SWITCHBACK PASS
CDT Day 68: Spotted Bear Pass Mile 10.7 – 27.5 + CTD Mile 2852.5 – 2856.9
(21.2 miles – 34 km)
Sunday June 23, 2019
It was a restless nights sleep for me last night. I don’t think it was the sight of huge bear paw scratches on the rangers cabin or the numerous fresh grizzlie paw prints on trail that left me sleepless. Although I am looking forward to getting out of grizzly country. Hammer said he slept like a log.
We left our campsite by Pentagon Creek before sunrise, eager to get the climb of Switchback Pass done.
Patches of blue sky and birdsong were great on the start of the climb….the day was off to a good start. We started to get distant views of the Chinese Wall without the fog cover. This lasted for a brief spell before the rain returned. We had hoped that this may be the last drenching before blue sky and sunshine return.
We soon realised that the early patches of blue sky was just teasing us. It continued to rain all the way up the pass.
The elevation rise seem to happen fairly quickly but the swithchbacks continued on and on. It took us nearly 3 hours to reach the top of the pass. It was tough work and we were both already cold when we started to encounter snow.
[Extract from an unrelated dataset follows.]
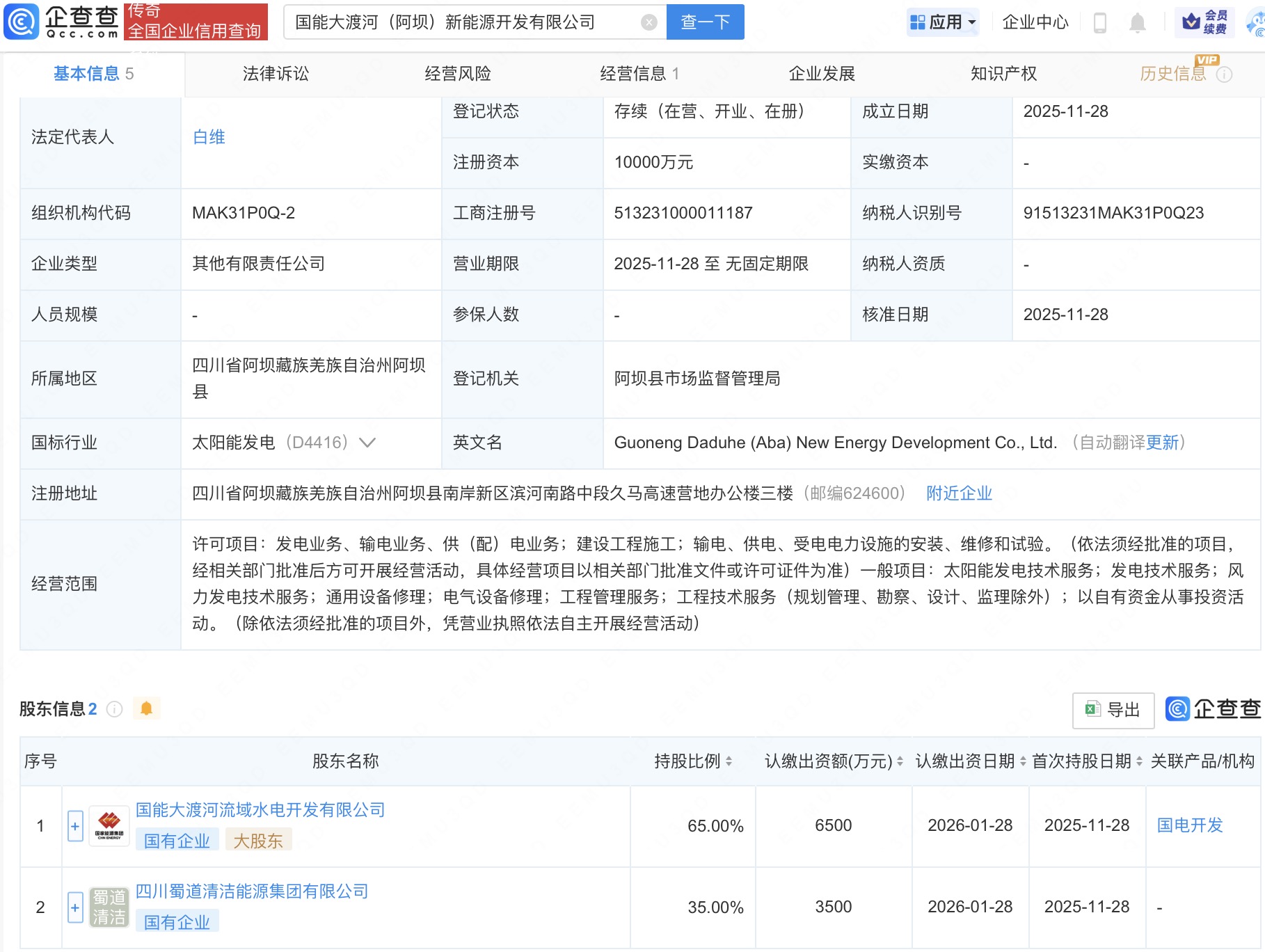 企查查APP显示,近日,国能大渡河(阿坝)新能源开发有限公司成立,法定代表人为白维,注册资本1亿人民币,经营范围包括太阳能发电技术服务、发电技术服务、风力发电技术服务等。企查查股权穿透显示,该公司由国能大渡河流域水电开发有限公司、四川蜀道清洁能源集团有限公司共同持股。
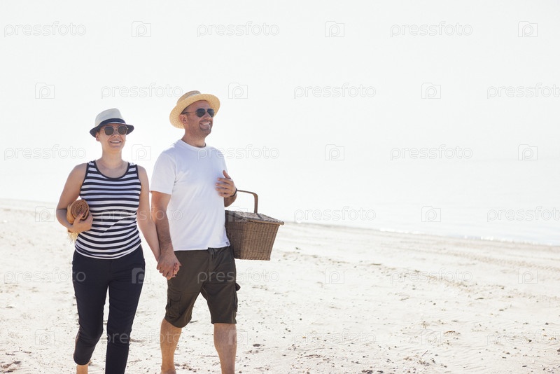 Супружеская пара отправляется на пикник у моря. Мужчина и его жена в повседневной одежде прогуливаются по песчаному пляжу. Улыбающаяся женщина и ее муж держатся за руки и веселятся вместе

The whole top of the pass was shrouded in fog. We knew the descent was going to be in snow. This turned out to be not as bad as we were warned by southbound hikers yesterday. As the fog shrouded the mountains around us it was difficult to fully appreciate the scale of the Trilobite Range to our left.
The rain let up for about half an hour and we stopped to have lunch. The fog lifted a little and the huge snow covered mountain tops were exposed. Truly majestic when view from down below. It took us while to realise that we were hiking past a series of gacial cirques. Only one had a lake at its base.
The rain soon returned and we put our heads down and hiked on. It was beyond heartbreaking to walk for hours through forest so thoroughly burnt that even the soil looked charred. From here we passed through a green pine forest but it looked like it was hit by a recent avalanche. Broken trees and timber debris. The destruction just goes on.
Late afternoon just as we were nearing the end of the Spotted Bear alternate trail we passed a rangers cabin. And here we met a couple of hikers we first met in New Mexico and again on the Great Divide Basin. It felt great to meet up with people we knew and we could share our common experience. We stopped for a break and within half an hour 3 more southbound hikers arrived. It was so nice to meet so many people in one place. It was very tempting to stay and maybe have a fire and dry our feet. But as nice as a fire and drying feet would have been, getting to town is our priority.
So we left and hiked another 5 miles before stopping to camp. Camp spots are hard to find when you’re hiking in Grizzlie country and through burnt forest.